- [The data]
»»
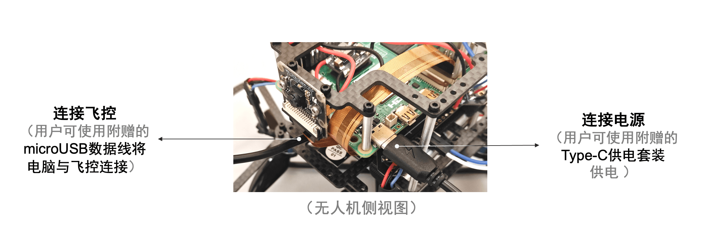 注:无人机静态调试时,请用USB线为飞控供电,切勿用无人机电池供电,防止电池过放,如下图所示:
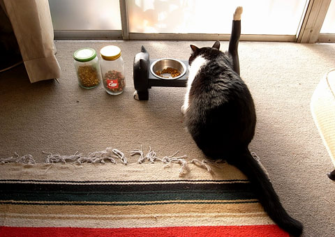 雑種白黒、2003年9月生まれ 8才! ガサツでビビリなオトコ サビコ(推定1才・メス)2011年7月にひょっこり現れる。9月より同居生活スタート。
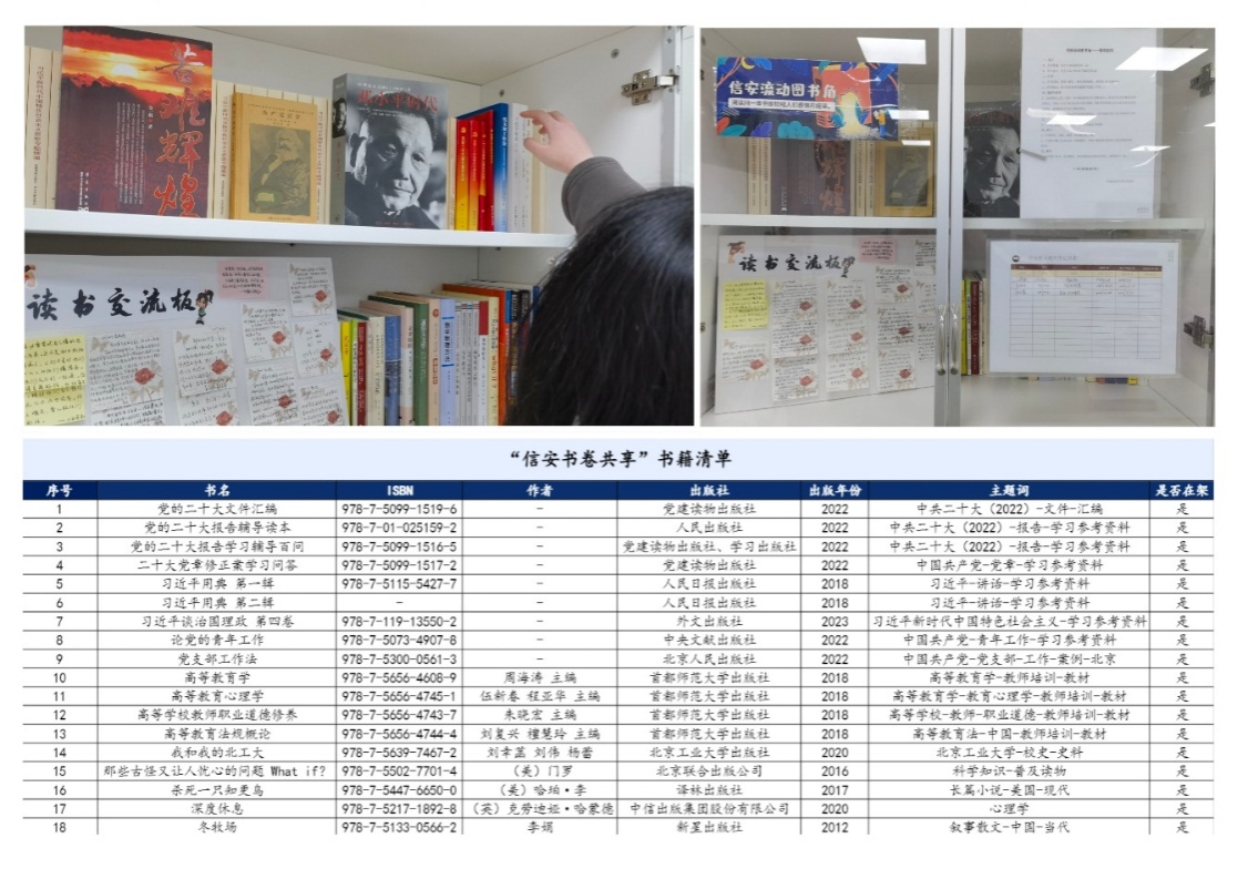 4月15日起,信息安全本科生党支部启动了“信安书卷共享”计划,包括流动图书角、整理书籍清单、建立借阅机制、设置读书交流板四个模块,满足了同学们捐书共读、借阅书籍、与他人交流阅读心得等要求。
««
- [What is needed]
Give back the full listing above word for word, and let no picture through.

- [Exercise result]
 注:无人机静态调试时,请用USB线为飞控供电,切勿用无人机电池供电,防止电池过放,如下图所示:
 雑種白黒、2003年9月生まれ 8才! ガサツでビビリなオトコ サビコ(推定1才・メス)2011年7月にひょっこり現れる。9月より同居生活スタート。
 4月15日起,信息安全本科生党支部启动了“信安书卷共享”计划,包括流动图书角、整理书籍清单、建立借阅机制、设置读书交流板四个模块,满足了同学们捐书共读、借阅书籍、与他人交流阅读心得等要求。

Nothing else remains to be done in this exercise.